🤖 AI Summary
Rapid scientific knowledge evolution causes static evaluation benchmarks to become outdated, hindering accurate assessment of domain-specific language model capabilities.
Method: This paper introduces a scalable, modular multiple-choice question (MCQ) generation framework for radiology and cancer biology, leveraging distilled GPT-4.1 reasoning traces as retrieval sources—novel in scientific QA generation. Integrated with PDF parsing, semantic chunking, and automated question-answer synthesis, the framework implements a retrieval-augmented generation (RAG) pipeline.
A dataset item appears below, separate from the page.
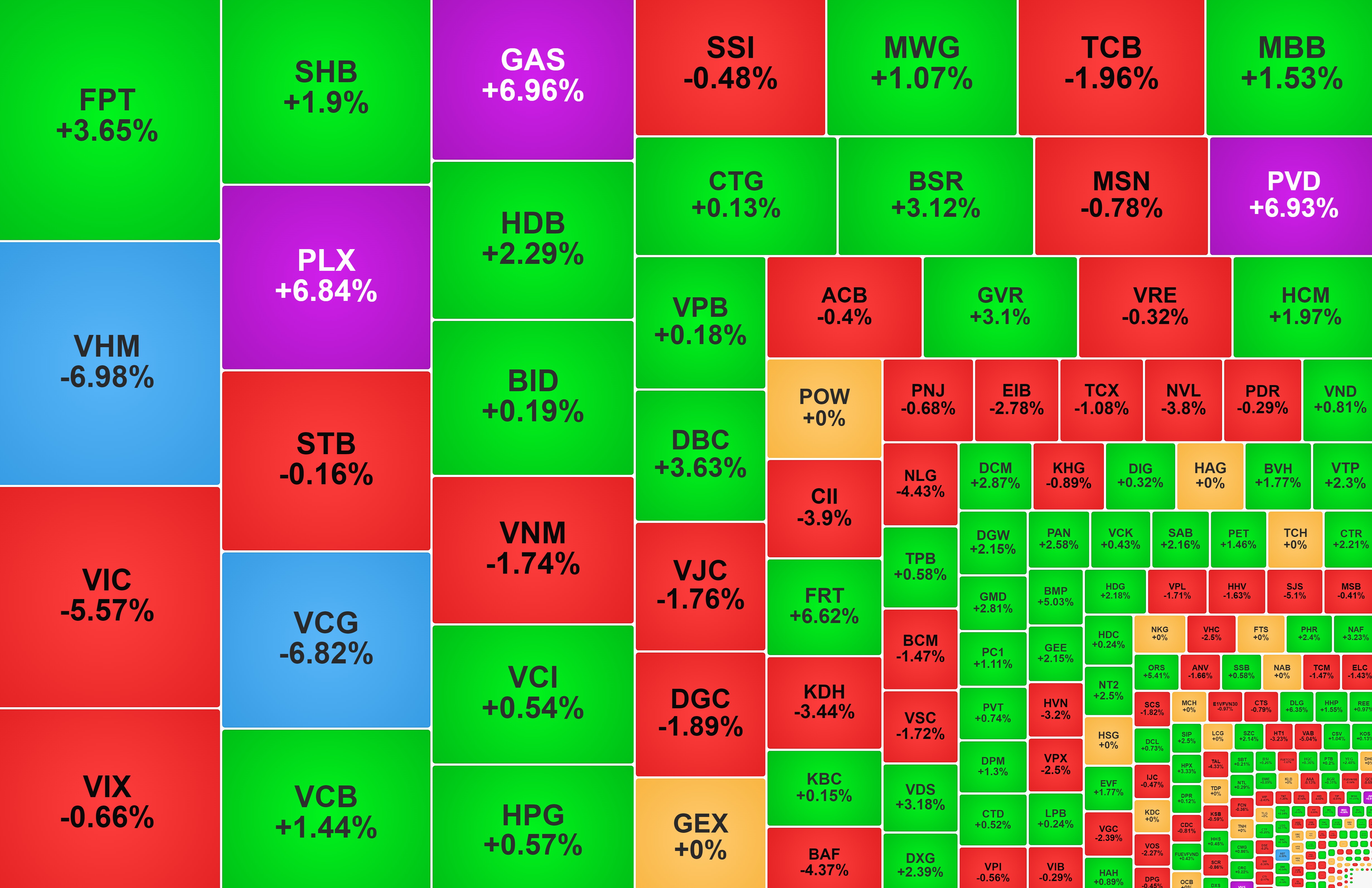 VN-Index giảm điểm hôm nay chủ yếu do nhóm Vingroup, với VHM giảm sàn, VIC -5,6%, VRE -0,3%. Các mã giảm đáng kể khác trong VN30 là DGC -1,9%, TCB -2%, VJC -1,8%, VNM -1,7%. Ngược chiều, nhiều mã bluechip tăng tốt, là trụ đỡ để thị trường không giảm sâu, như GAS và PLX cùng tăng trần, FPT +3,7%, GVR +3,1%, HDB +2,3%, SAB +2,2%, SHB +1,9%, VCB +1,5%...
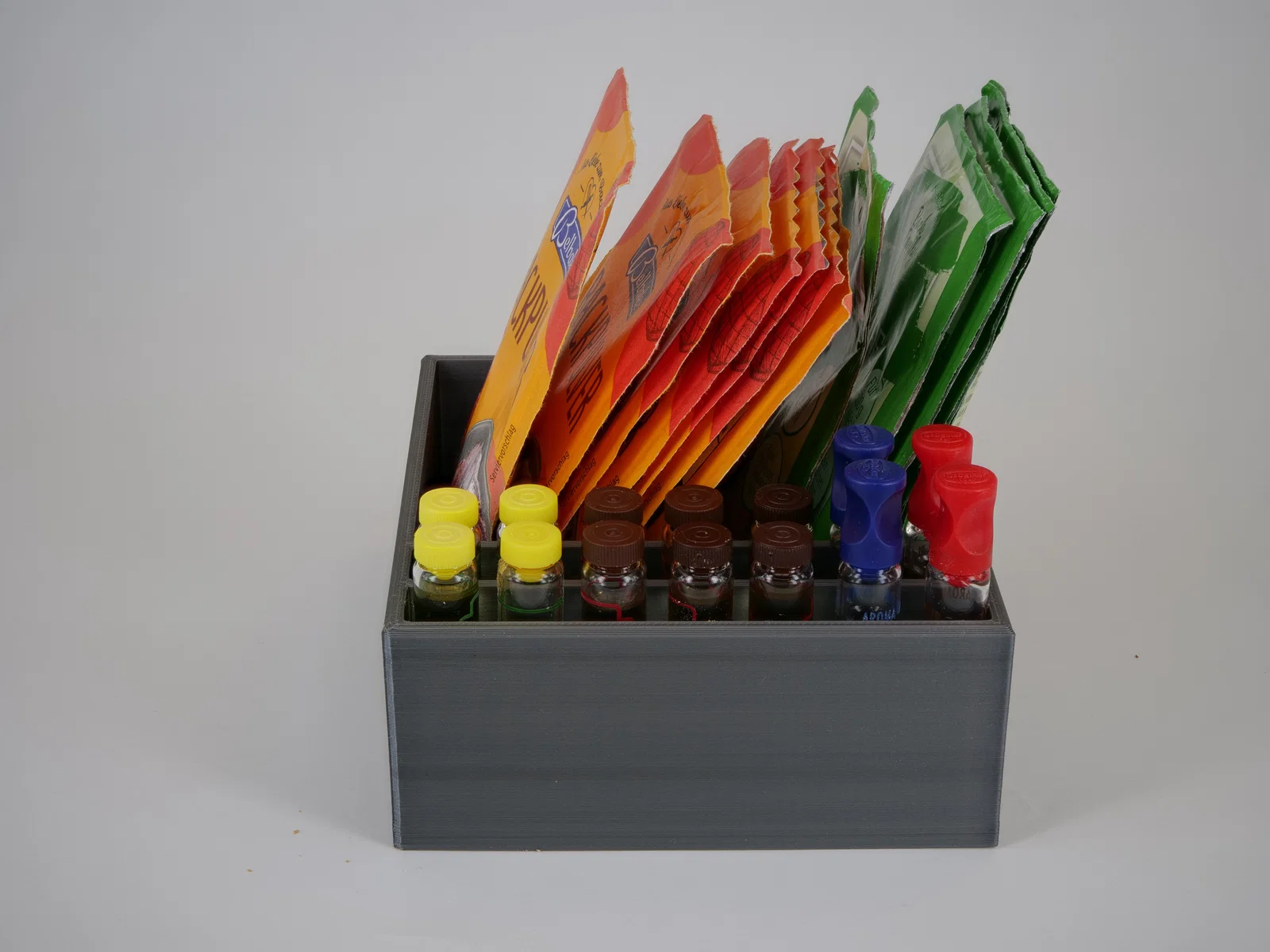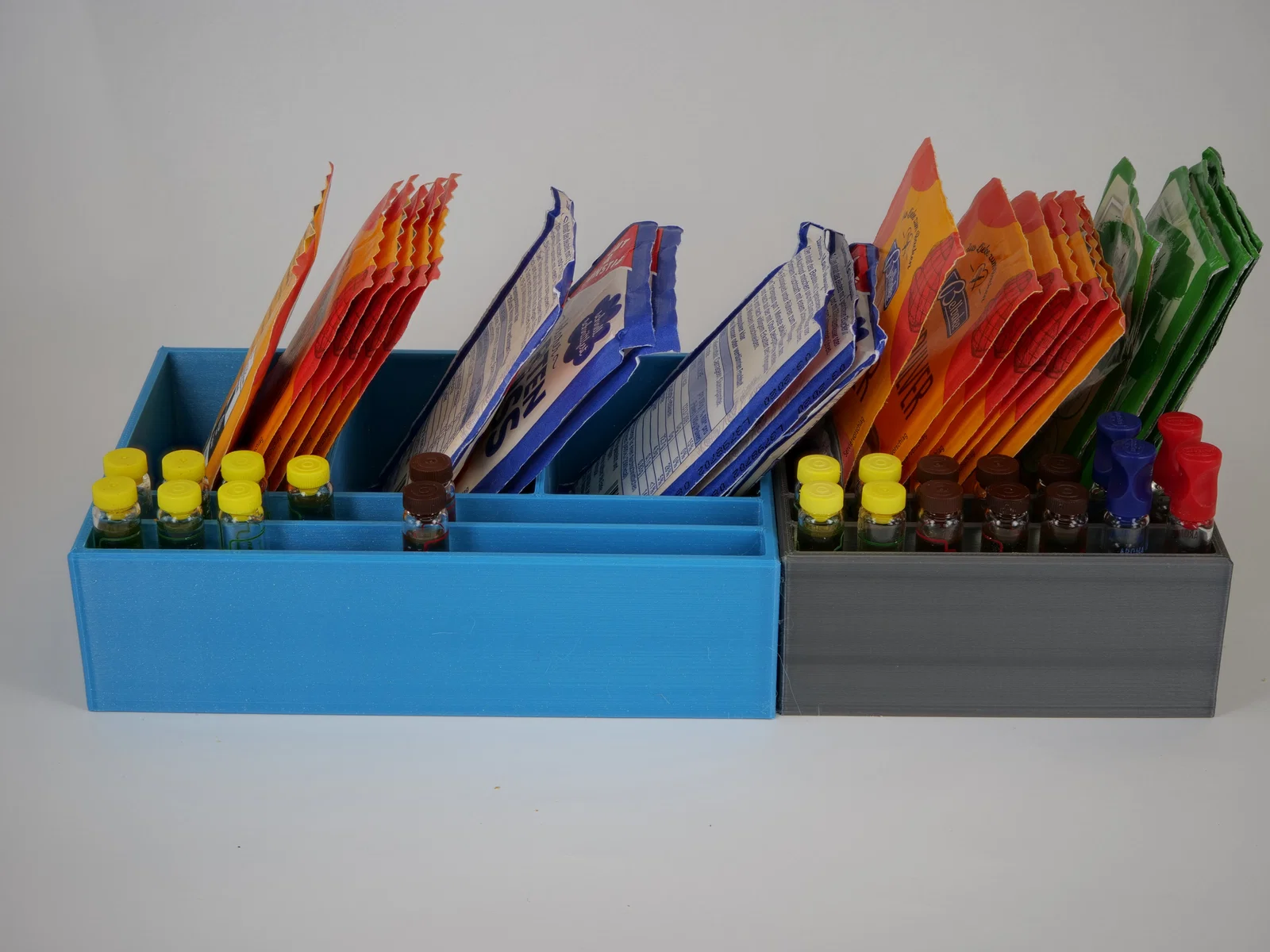 - Hộp lớn: Có chiều dài 148 mm, đủ chỗ cho 22 chai hương liệu và có ba ngăn riêng để đựng bột nở.

Contribution/Results: It generates over 16,000 high-quality, expert-validated MCQs, rigorously evaluated via both expert annotation and synthetic benchmarking. Experiments demonstrate that reasoning-trace–driven retrieval substantially enhances performance of small-parameter models, with several outperforming GPT-4 on domain-specific professional examinations. This work establishes a new paradigm for dynamically updating scientific evaluation benchmarks and enabling efficient domain adaptation of lightweight language models.
📝 Abstract
As scientific knowledge grows at an unprecedented pace, evaluation benchmarks must evolve to reflect new discoveries and ensure language models are tested on current, diverse literature. We propose a scalable, modular framework for generating multiple-choice question-answering (MCQA) benchmarks directly from large corpora of scientific papers. Our pipeline automates every stage of MCQA creation, including PDF parsing, semantic chunking, question generation, and model evaluation. As a case study, we generate more than 16,000 MCQs from 22,000 open-access articles in radiation and cancer biology. We then evaluate a suite of small language models (1.1B-14B parameters) on these questions, comparing baseline accuracy with retrieval-augmented generation (RAG) from paper-derived semantic chunks and from reasoning traces distilled from GPT-4.1. We find that reasoning-trace retrieval consistently improves performance on both synthetic and expert-annotated benchmarks, enabling several small models to surpass GPT-4 on the 2023 Astro Radiation and Cancer Biology exam.